Die Wirtschaftlichkeit hängt stark von Förderungen, Stromerlösen, Kultursystem und Standort ab. Daher ist Agri-PV eine langfristige Investition, die gut geplant sein muss. Eine detaillierte Kosten-Nutzen-Analyse sollte durchgeführt werden, um die optimale Kombination von Energieproduktion und landwirtschaftlichem Ertrag zu ermitteln. In einer Untersuchung des Fraunhofer Instituts wurde festgestellt, dass Agri-PV-Anlagen, die mit einer Ertragssteigerung von bis zu 20 % durch angepasste Anbaumethoden kombiniert werden, die Rentabilität signifikant erhöhen können.

Welche rechtlichen Rahmenbedingungen gelten für Agri-PV?

Das EEG 2023 sieht Agri-PV als förderfähige Technologie vor. Agri-PV soll durch das Solarpaket zusätzlich gefördert werden, eine Beihilfegenehmigung steht jedoch aus (Stand: 2026). Der Höchstgebotswert für Agri-PV in Ausschreibungen liegt bei 9,5 Ct/kWh. Hochaufgeständerte Anlagen können einen Bonus von 2,5 Ct/kWh erhalten, der jedoch noch die EU-Beihilfegenehmigung benötigt (Quelle: EnergieFluss24). Diese rechtlichen Rahmenbedingungen sind entscheidend, um Investoren und Landwirte zu ermutigen, in Agri-PV zu investieren, und um die Technologie als nachhaltige Lösung für die Landwirtschaft zu etablieren.

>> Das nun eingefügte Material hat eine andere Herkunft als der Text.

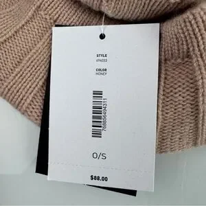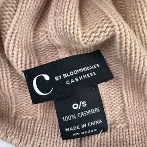 C by Bloomingdales womens One Size OS french beret hat cap in a solid tan beige cream color. Official color name is honey. Pull on style with elastic band around trim. Textured knit ribbed fabric with some stretch in 100% cashmere. Very soft and luxury! New with the tags, no flaws.

Wie könnte die Zukunft der Agri-PV in Bayern aussehen?

In Bayern ist Agri-PV besonders relevant aufgrund von Trockenstress, Wasserknappheit und intensiver Flächennutzung. Diese Faktoren machen Agri-PV als Risikoabsicherung attraktiv. Aus unserer Erfahrung mit über 52 Projekten wissen wir, dass die Verdunstungsreduktion in trockenen Jahren besonders wichtig ist. Eine Fallstudie aus einem unserer Projekte in Oberbayern zeigt, dass die Erträge bei der Kombination von Agri-PV und der Anpflanzung von Hülsenfrüchten um bis zu 30 % im Vergleich zu konventionellen Anbaumethoden gestiegen sind. Die Genehmigungs- und Förderlage bleibt jedoch ein zentraler Engpass, da die EU-beihilferechtliche Absicherung noch nicht abgeschlossen ist.

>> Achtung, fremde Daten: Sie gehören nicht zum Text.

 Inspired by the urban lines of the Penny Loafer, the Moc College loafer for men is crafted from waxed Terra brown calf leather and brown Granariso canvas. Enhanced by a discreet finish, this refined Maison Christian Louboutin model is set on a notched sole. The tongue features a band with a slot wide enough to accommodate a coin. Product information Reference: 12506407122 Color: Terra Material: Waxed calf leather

Aus der Praxis zeigt sich, dass bestimmte Agri-PV-Kombinationen sowohl Strom- als auch landwirtschaftliche Erträge verbessern können. Aus unseren Projekten wissen wir, dass in trockenen Jahren die Ertragsstabilität durch Agri-PV erhöht werden kann. Dies verdeutlicht das Potenzial von Agri-PV, nicht nur zur Energieproduktion beizutragen, sondern auch die landwirtschaftliche Resilienz in Zeiten des Klimawandels zu stärken.

Fazit und Handlungsempfehlungen

Agri-PV Ernteerträge können in trockenen Jahren stabil bleiben oder sogar steigen. Dennoch erfordert Agri-PV höhere Investitionen und komplexere Genehmigungen als traditionelle PV-Anlagen.

Langfristige Perspektiven für Agri-PV

Agri-PV bietet eine langfristige Perspektive, um landwirtschaftliche Erträge in Zeiten des Klimawandels zu stabilisieren. Studien zeigen, dass Agri-PV durch Schatten und weniger Verdunstung in trockenen Jahren Ertragsvorteile bietet. Laut einer Studie des Forschungszentrums Jülich können Agri-PV-Systeme bis zu 148 % teurer sein als herkömmliche Freiflächenanlagen (Stand: 2026). Die Wirtschaftlichkeit hängt stark von Förderungen und Standortbedingungen ab.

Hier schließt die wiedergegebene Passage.